A validated CFA model was used to develop a structural equation (SEM) that contained defined regression relationships based on the conceptual model and theory. As previously mentioned, our goal was to determine the statistically significant relationships. If a given relationship was statistically significant, we were interested in its strength. Additionally, we investigated the role of mediators in the model and examined whether our model had mediating effects. Based on the constructed SEM model and the statistical evaluation of individual regression relationships, we proceeded to confirm or reject the hypotheses defined in the conceptual model (Byrne, 2013; Schumacker & Lomax, 2004). The SEM was quantified using the maximum likelihood estimator, the default estimator in the Lavaan R package.
Nine hypotheses are defined in the conceptual model. Based on the theoretical background mentioned in Section 1, we hypothesized that there would be a direct relationship between AL and KC (Kanungo & Mendonca, 1996; Lin et al., 2020; Obrenovic et al., 2020), AL and RH (Abdillah et al., 2022; Obrenovic et al., 2020; Zhang et al., 2010), AL and FI (Abdillah et al., 2022; Obrenovic et al., 2020; Zhang et al., 2010), TL and RH (Fong et al., 2018; He et al., 2021; Lu et al., 2012; Zhang & Min, 2019), and TL and FI (Fong et al., 2018; He et al., 2021; Lu et al., 2012; Zhang & Min, 2019).
In addition, we hypothesized several indirect relationships between variables. We hypothesized that a mediation effect would increase (decrease) the strength of individual relationships between latent variables. Based on this theory, we hypothesized the mediating roles of TL and KC factors. Specifically, we hypothesized that in addition to the direct relationship between AL and KC, a relationship through the mediator TL could amplify this relationship (H10). Simultaneously, based on (Drucker, 1999; Gupta & Govindarajan, 2000; DeLong & Fahey, 2000; Wenger et al., 2002), we hypothesized that the mediator TL could have an indirect effect on the AL-KC (H11) and AL-FI (H12) relationships based on (Bucic et al., 2010; Edmondson, 1999). Moreover, since the influence of TL and KC on PD and RH factors (Edmondson et al., 2007; Kucharska, 2021; Zhang & Min, 2019) is also known from theory, we hypothesized a compound indirect effect via the two mediators, TL and KC, on both latent variables (H13 and H14).

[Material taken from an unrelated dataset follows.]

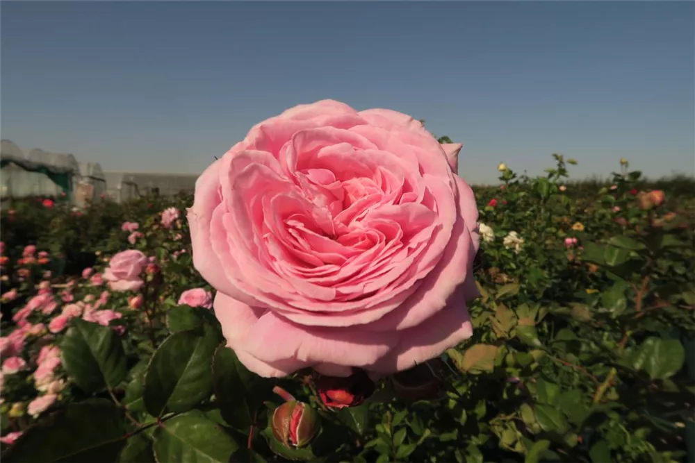 Die rosafarbenen, schalenförmigen Blüten sind starkgefüllt und erscheinen von Juni bis Oktober. Diese werden etwa 8 - 10 cm groß und sind stark duftend.

The mediators, TL and KC, were the main elements of the proposed and tested conceptual model. We predicted a mediating indirect effect of the TL factor on five hypotheses (H10–H14). We predicted the mediating effect of KC on the three hypotheses tested (H10, H13, and H14). We hypothesized that these two factors would indirectly affect the latent output variables PD and RH. In other words, we hypothesize that TL and KC would have statistically significant effects on the output factors of our model. Thus, these factors can contribute to understanding the importance of these elements in a firm's knowledge-sharing system. Therefore, based on the above indirect effects, we hypothesized that the total effect for the relationships defined by H1 to H5 would be the sum of the direct and indirect effects, where the indirect effects result from the mediators, in our case, mainly TL and KC.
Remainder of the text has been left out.